# Simple Relation between Put Price and Zero Coupon Bond Price

Consider your standard European Put Option, with strike price $$K$$ and maturity $$T$$, and denote by $$P_t(K,T)$$ the price of this option at time $$t$$. Moreover, consider a standard Zero-Coupon bond with maturity at time $$T$$ and face value $$1$$, and price $$Z_t(T)$$ at time $$t$$. Why is it necessarily the case that: $$P_t(K,T) \ < KZ_t(T)$$ for all times $$t \neq T$$? I know equality occurs at the terminal time $$T$$ if $$S_T = 0$$, however I am unsure how one obtains the above relation. Moreover, I believe this is a model-independent result, however I am not entirely sure.

• For this to be true you have to assume that $S_t$ cannot go to zero before $T$ and then stay there. Without this assumption you can prove only $P_t\le K Z_t$. In this sense it is somewhat model dependent. Jul 8 '19 at 17:04
• I see, how would the proof for the non-strict inequality work? Jul 8 '19 at 17:12

Your question is answered by the no-arbitrage principle. The payoff of your put option is $$\max\{K-S_T,0\}\leq K$$. Thus, their time $$t$$ prices need to have the same relationship (everthing else creates arbitrage opportunities), i.e. $$P_t(K,T)\leq KZ_t(T).$$
This statement is kind of related to the law of one price which is implied by assuming an arbitrage-free market.

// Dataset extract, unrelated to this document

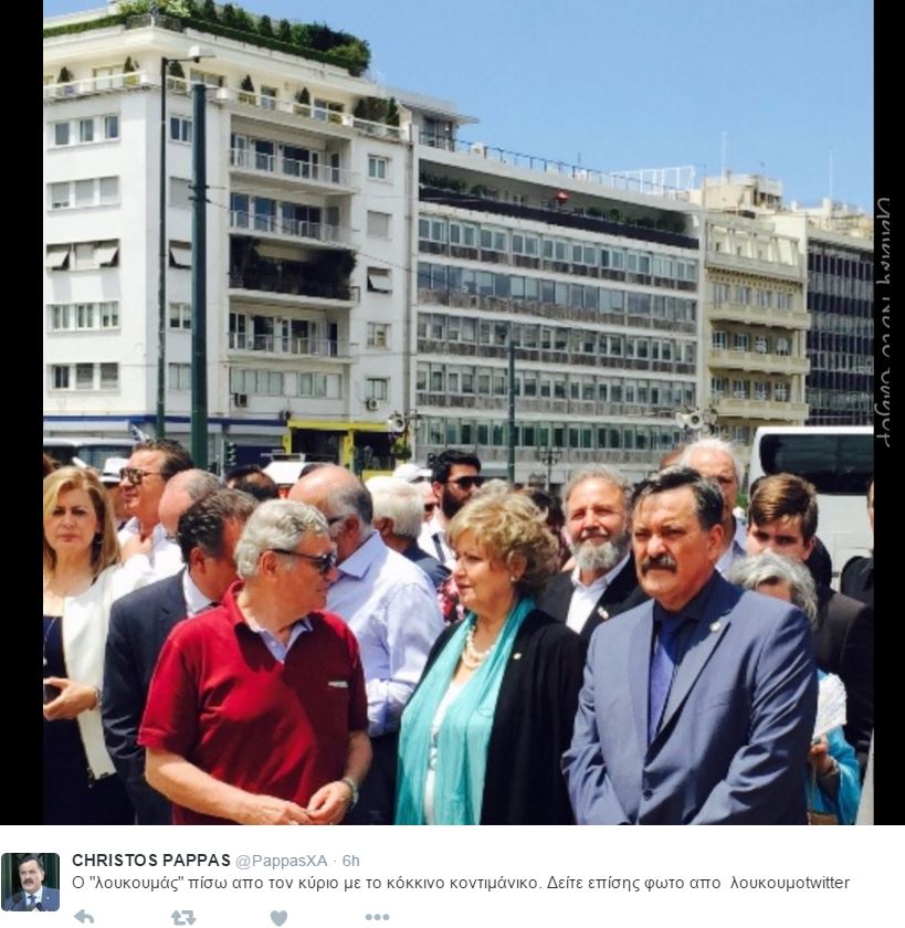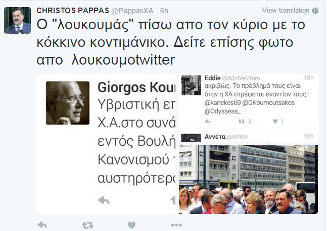 “Ο “λουκουμάς” πίσω απο τον κύριο με το κόκκινο κοντιμάνικο. Δείτε επίσης φωτο απο λουκουμοtwitter” γράφει και επισυνάπτει φωτογραφία με το tweet του βουλευτή της ΝΔ για το επεισόδιο με τον κ. Κωνσταντινόπουλο στη βουλή καθώς και μια φωτογραφία στην οποία διακρίνεται ο κ. Κουμουτσάκος.

As Alex said, if you know that $$S_T>0$$ almost surely, then $$\max\{K-S_T,0\}< K$$ and you get$$P_t(K,T)< KZ_t(T).$$
The question is whether $$S_T$$ may be zero or not. This is indeed model dependent, for instance it is impossible in the Black-Scholes and Heston model. To sum up, the $$\leq$$ case is model-independent, the slightly stronger version with $$<$$ is model-dependent.
Please note that these inequalities derive from a lot of financial intuition: a put option gives you the right to purchase the underlying asset for $$K$$, so this claim can hardly be worth more than $$K$$ discounted since $$K$$ is the most you can get out of it.